=== Work instruction ===
Although the material holds pictures, none belong in the copy; transcribe exactly, and only, the lines from the one with "2024年5月28日,我校与" through the end.

=== Data supplied ===
#####
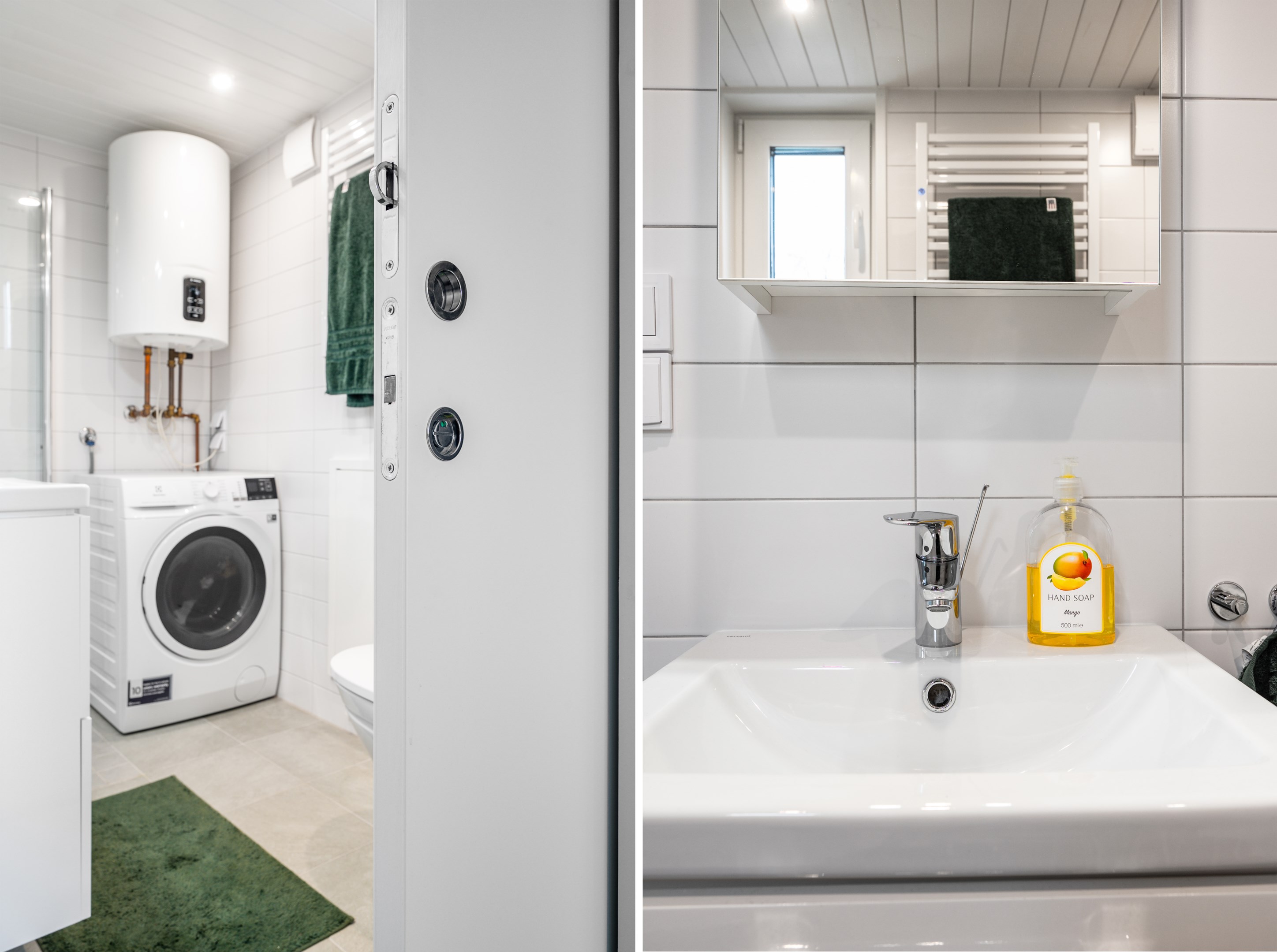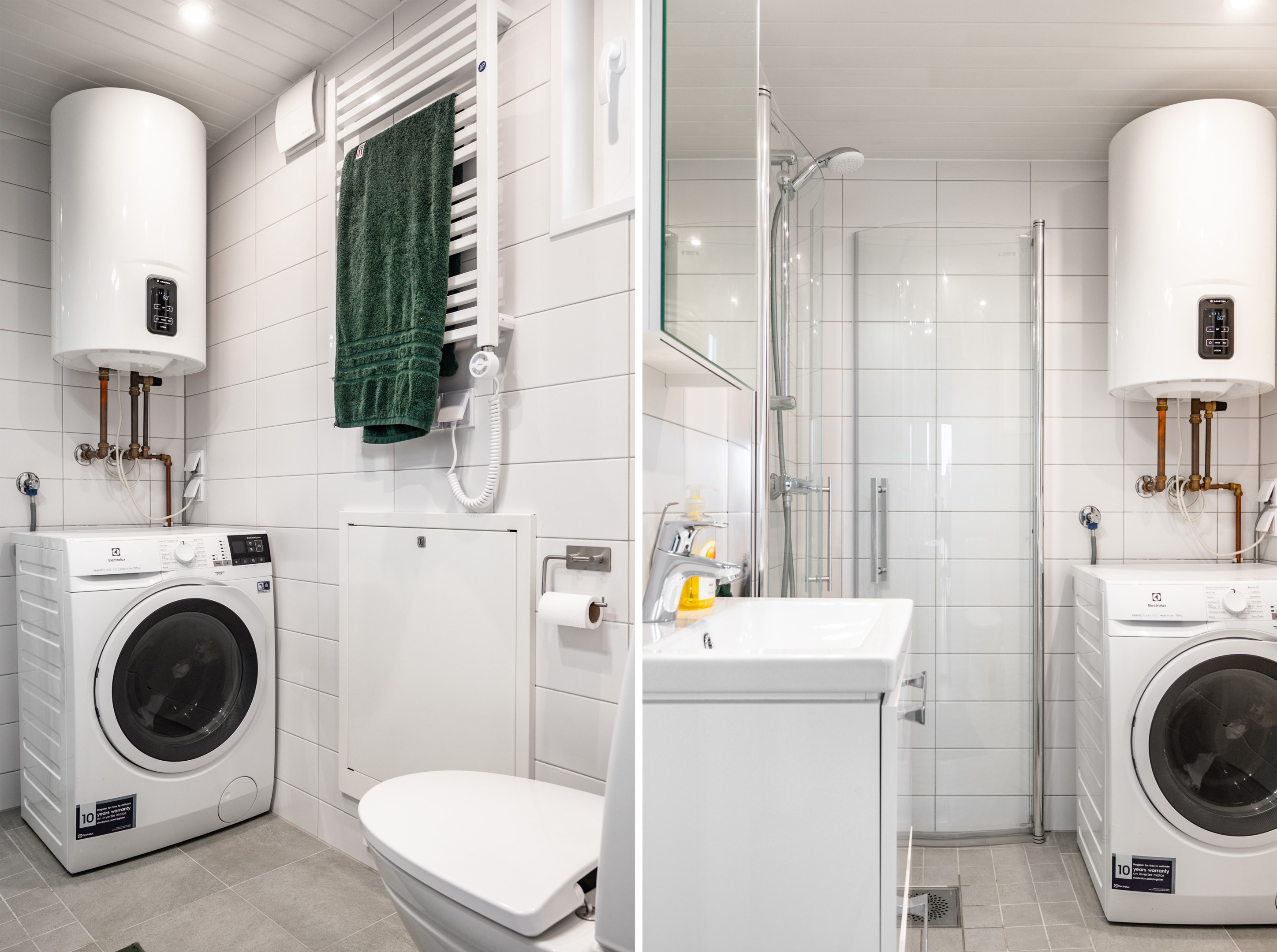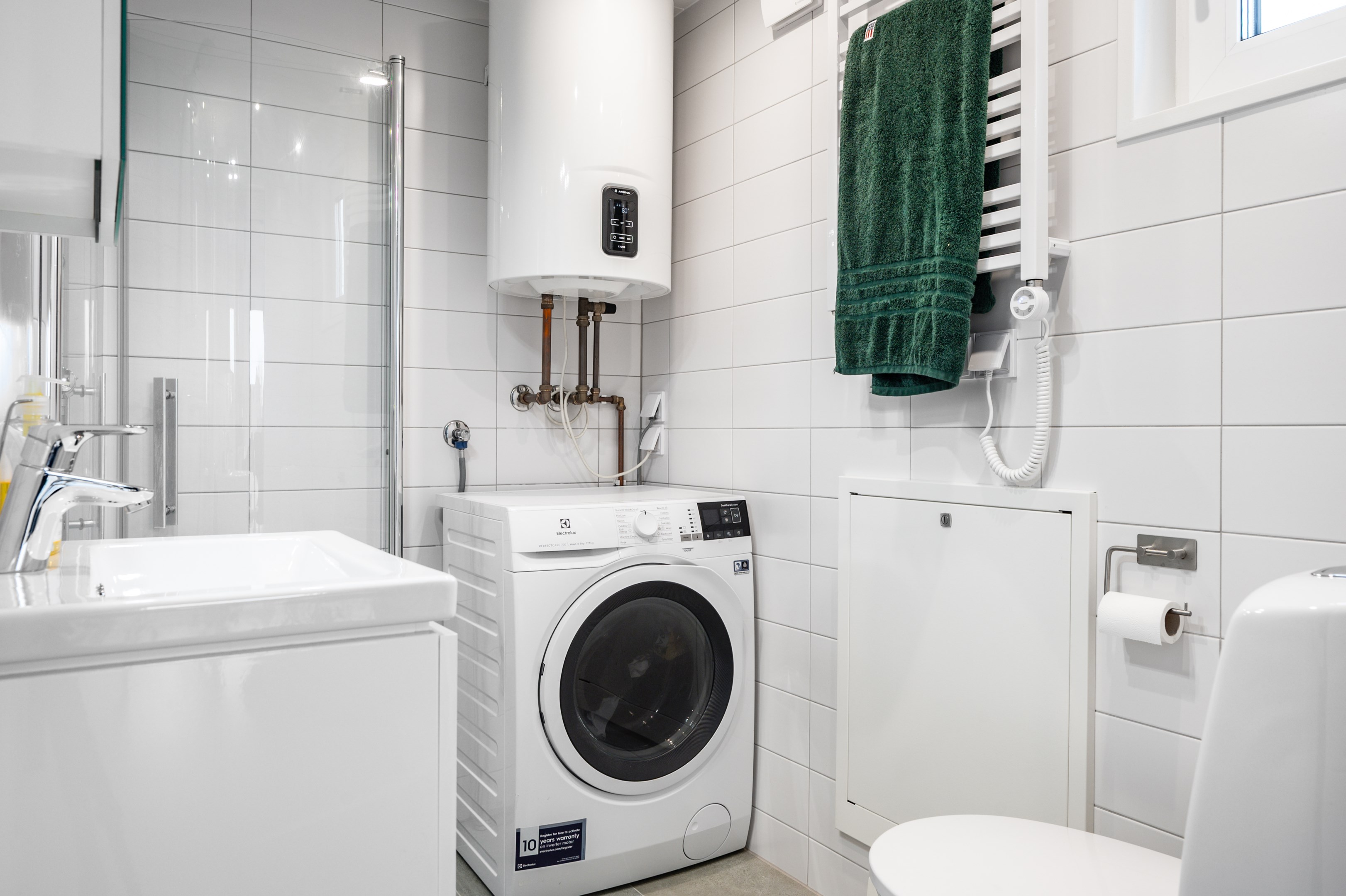 Badrummet är helkaklat med vitt kakel på väggarna och ljusgrått kakel på golvet, vilket ger en modern och fräsch känsla. Här finns dusch med glasdörrar, kommod och spegel. Badrummet är utrustat med WC samt en kombimaskin för tvätt och torkning. Vattenvärmesystemet drivs av el och en stor vattentank, vilket gör detta boende både funktionellt och energieffektivt. De stora fönstren släpper in naturligt ljus och ger badrummet en luftigare och mer öppen känsla.
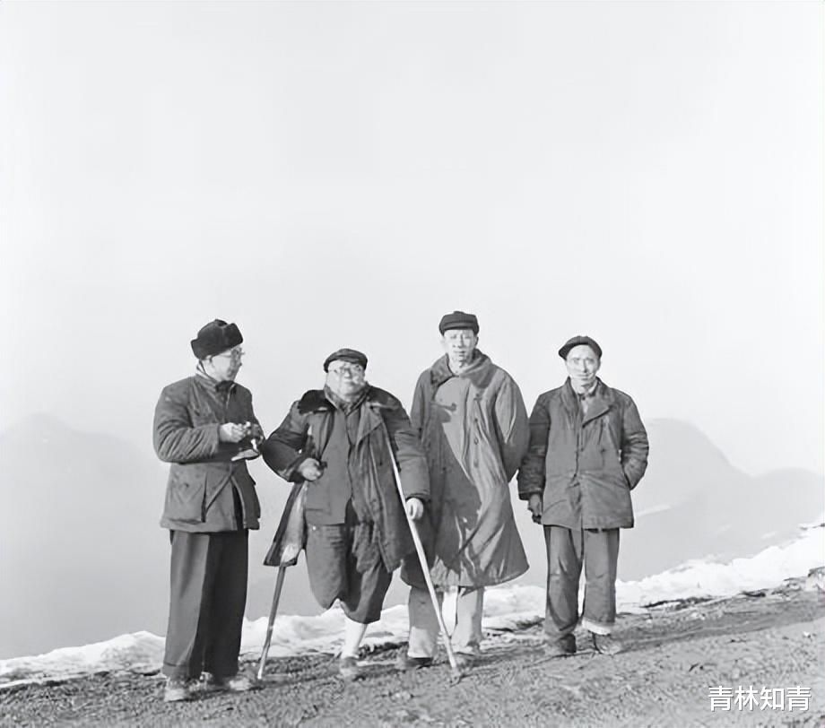1957年1月16日,潘光旦(左二)在湖北来凤县绿葱坡顶
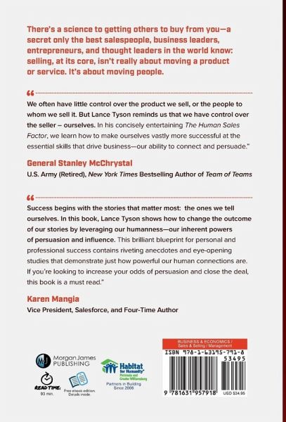The Human Sales Factor is a peek under the hood of Lance Tyson’s proven, predictable, scalable process—designed for sales leaders and their teams—yet still approachable and applicable for the person who just wants to open doors, win time off people’s calendars, and increase the chances of getting anything they want or need.
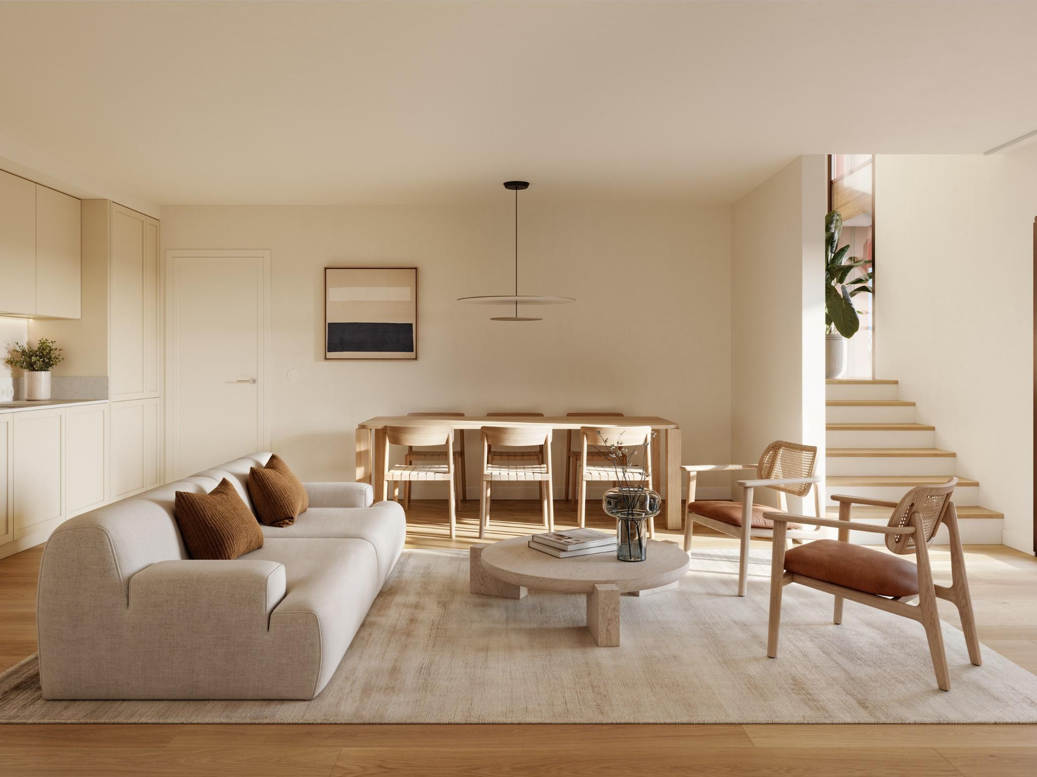 New 3-bedroom apartment, duplex, with 135 sqm of private gross area, terrace, parking, and storage, at ALMAR Beach in Almada. The apartments feature private balconies or terraces, equipped kitchens, and parking, all developed with sustainability and functionality in mind.
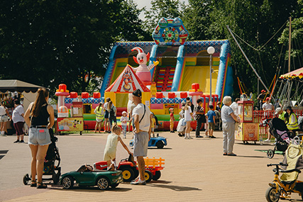 В Парке “Четырёх стихий” сегодня многолюдно. Много праздничных локаций, угощений и развлечений для детей и взрослых.
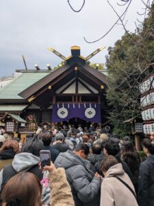 今年も早めに参拝したので、大混雑に巻き込まれずスムーズに参拝することができましたが、帰りには入口で待ち列が前の道路を挟んでずらっとできていました。
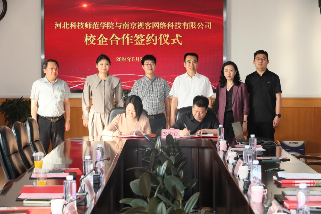2024年5月28日,我校与南京视客网络科技有限公司举行了校企合作签约暨基地揭牌仪式。学校党委常委、副校长冯瑞银,党委常委、副校长刘荣昌,南京视客网络与科技有限公司副总经理、组织与人力资源部负责人缪继红、眼镜圈运营部业务负责人张丹枫、组织与人力资源部COE朱茜茹出席活动。学校教务处、招生就业处、数学与信息科技学院负责同志参加活动。签约仪式由招生就业处负责同志主持。
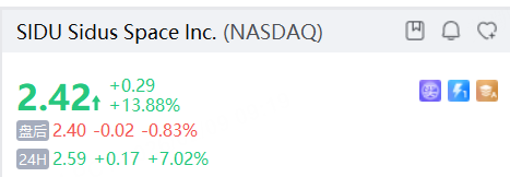 太空概念股普涨,Sidus Space涨超7%,Rocket Lab涨超6%,AST SpaceMobile、Redwire涨超3%。
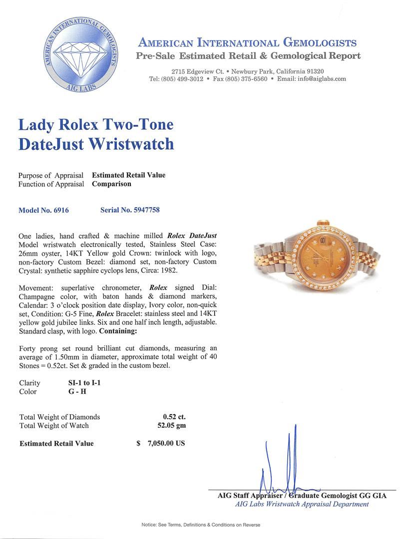 One ladies, hand crafted & machine milled Rolex DateJust Model wristwatch electronically tested, Stainless Steel Case: 26mm oyster, 14KT Yellow gold Crown: twinlock with logo, non-factory Custom Bezel: diamond set, non-factory Custom Crystal: synthetic sapphire cyclops lens, Circa: 1982.Movement: superlative chronometer, Rolex signed Dial: Champagne color, with baton hands & diamond markers, Calendar: 3 o'clock position date display, Ivory color, non-quick set, Condition: G-5 Fine, Rolex Bracelet: stainless steel and 14KT yellow gold jubilee links. Six and one half inch length, adjustable. Standard clasp, with logo. Containing: Forty prong set round brilliant cut diamonds, measuring an average of 1.50mm in diameter, approximate total weight of 40 Stones = 0.52ct. Set & graded in the custom bezel. Clarity: SI-1 to I-1. Color: G - H. Total Weight of Diamonds 0.52ct. Total Weight of Watch 52.05gm. AIG Appraised at $7,050.00.
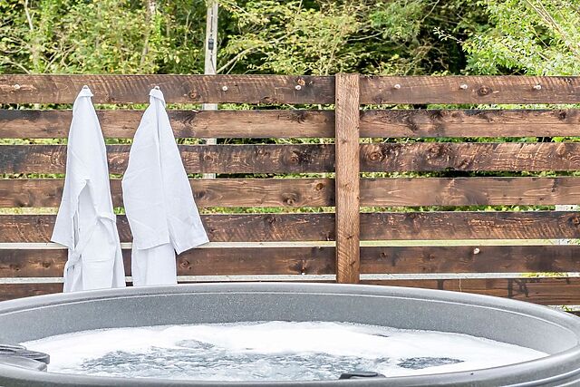 Outside is a sheltered west-facing dining and barbecue area for 10, perfect for sundowners. The extensive, safely enclosed, large rear garden with furniture, an indulgent hot tub, and views over the farm towards Eryri National Park is directly accessible from the kitchen.
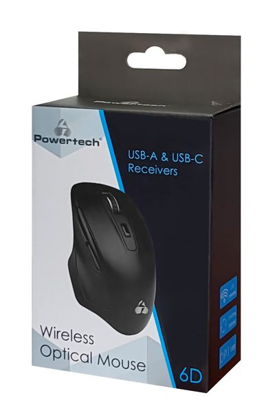 POWERTECH ασύρματο ποντίκι PT-853, 1000DPI, Nano USB-A & USB-C, μαύρο
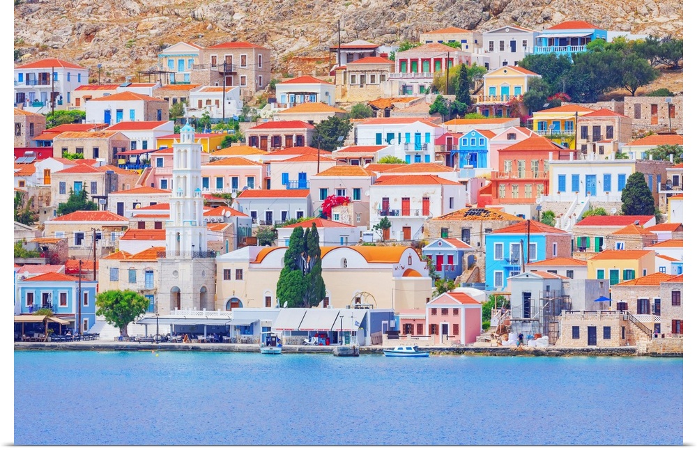 <p>View of Emporio harbour and Saint Nicholas church in the distance, Emporio, Halki Island, Dodecanese Islands, Greek Islands, Greece, Europe</p>
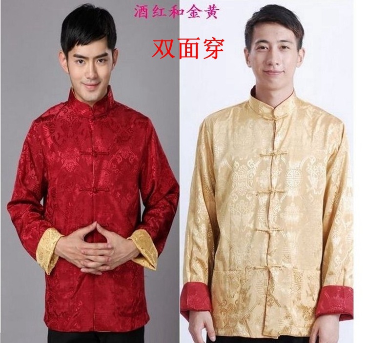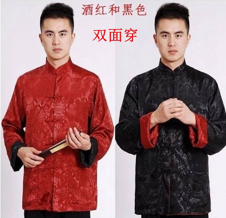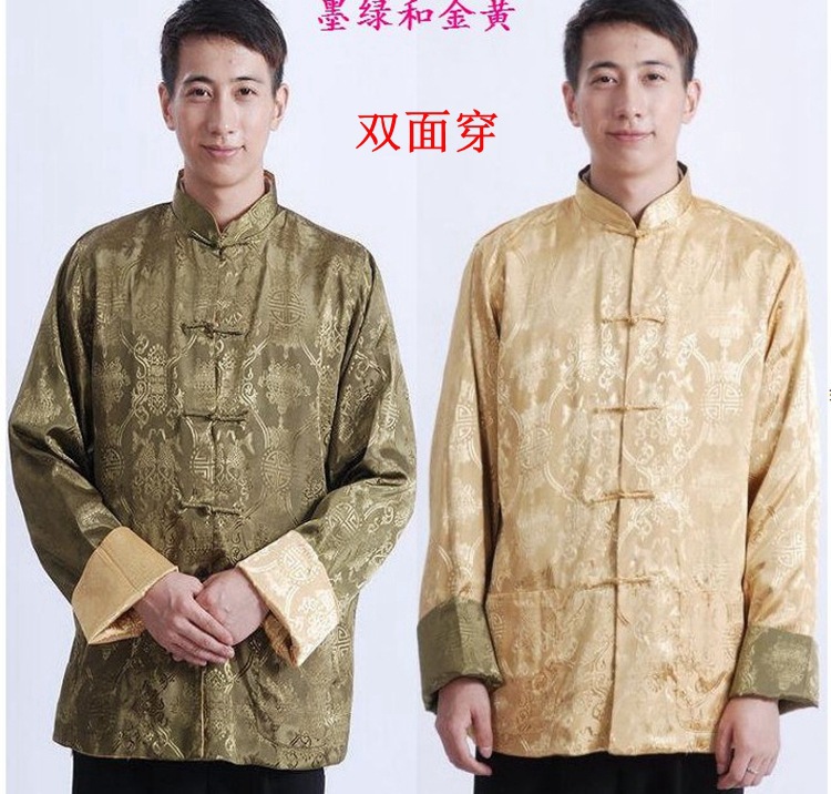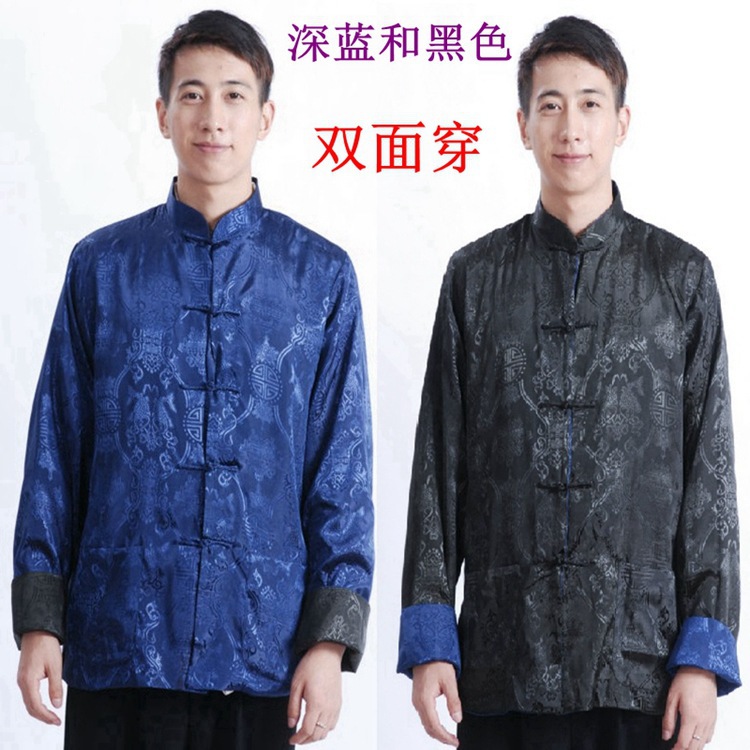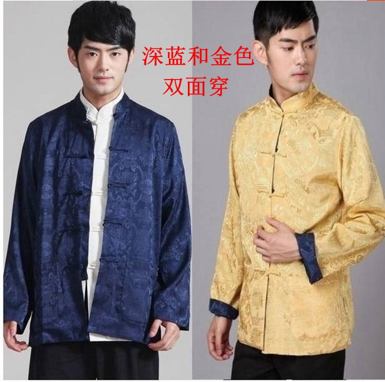 Мужское пальто Винтажная Двусторонняя Праздничная куртка Шелковый костюм для папы среднего возраста, китайская туника, Пальто, Костюм Тан
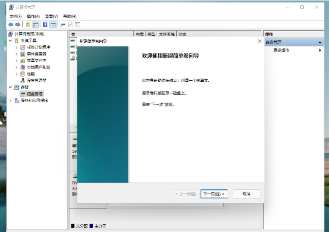 7、此时会出现新建简单卷向导,我们直接点击下一步继续操作即可。
#####
=== Answer to the exercise ===
2024年5月28日,我校与南京视客网络科技有限公司举行了校企合作签约暨基地揭牌仪式。学校党委常委、副校长冯瑞银,党委常委、副校长刘荣昌,南京视客网络与科技有限公司副总经理、组织与人力资源部负责人缪继红、眼镜圈运营部业务负责人张丹枫、组织与人力资源部COE朱茜茹出席活动。学校教务处、招生就业处、数学与信息科技学院负责同志参加活动。签约仪式由招生就业处负责同志主持。
 太空概念股普涨,Sidus Space涨超7%,Rocket Lab涨超6%,AST SpaceMobile、Redwire涨超3%。
 One ladies, hand crafted & machine milled Rolex DateJust Model wristwatch electronically tested, Stainless Steel Case: 26mm oyster, 14KT Yellow gold Crown: twinlock with logo, non-factory Custom Bezel: diamond set, non-factory Custom Crystal: synthetic sapphire cyclops lens, Circa: 1982.Movement: superlative chronometer, Rolex signed Dial: Champagne color, with baton hands & diamond markers, Calendar: 3 o'clock position date display, Ivory color, non-quick set, Condition: G-5 Fine, Rolex Bracelet: stainless steel and 14KT yellow gold jubilee links. Six and one half inch length, adjustable. Standard clasp, with logo. Containing: Forty prong set round brilliant cut diamonds, measuring an average of 1.50mm in diameter, approximate total weight of 40 Stones = 0.52ct. Set & graded in the custom bezel. Clarity: SI-1 to I-1. Color: G - H. Total Weight of Diamonds 0.52ct. Total Weight of Watch 52.05gm. AIG Appraised at $7,050.00.
 Outside is a sheltered west-facing dining and barbecue area for 10, perfect for sundowners. The extensive, safely enclosed, large rear garden with furniture, an indulgent hot tub, and views over the farm towards Eryri National Park is directly accessible from the kitchen.
 POWERTECH ασύρματο ποντίκι PT-853, 1000DPI, Nano USB-A & USB-C, μαύρο
 <p>View of Emporio harbour and Saint Nicholas church in the distance, Emporio, Halki Island, Dodecanese Islands, Greek Islands, Greece, Europe</p>
 Мужское пальто Винтажная Двусторонняя Праздничная куртка Шелковый костюм для папы среднего возраста, китайская туника, Пальто, Костюм Тан
 7、此时会出现新建简单卷向导,我们直接点击下一步继续操作即可。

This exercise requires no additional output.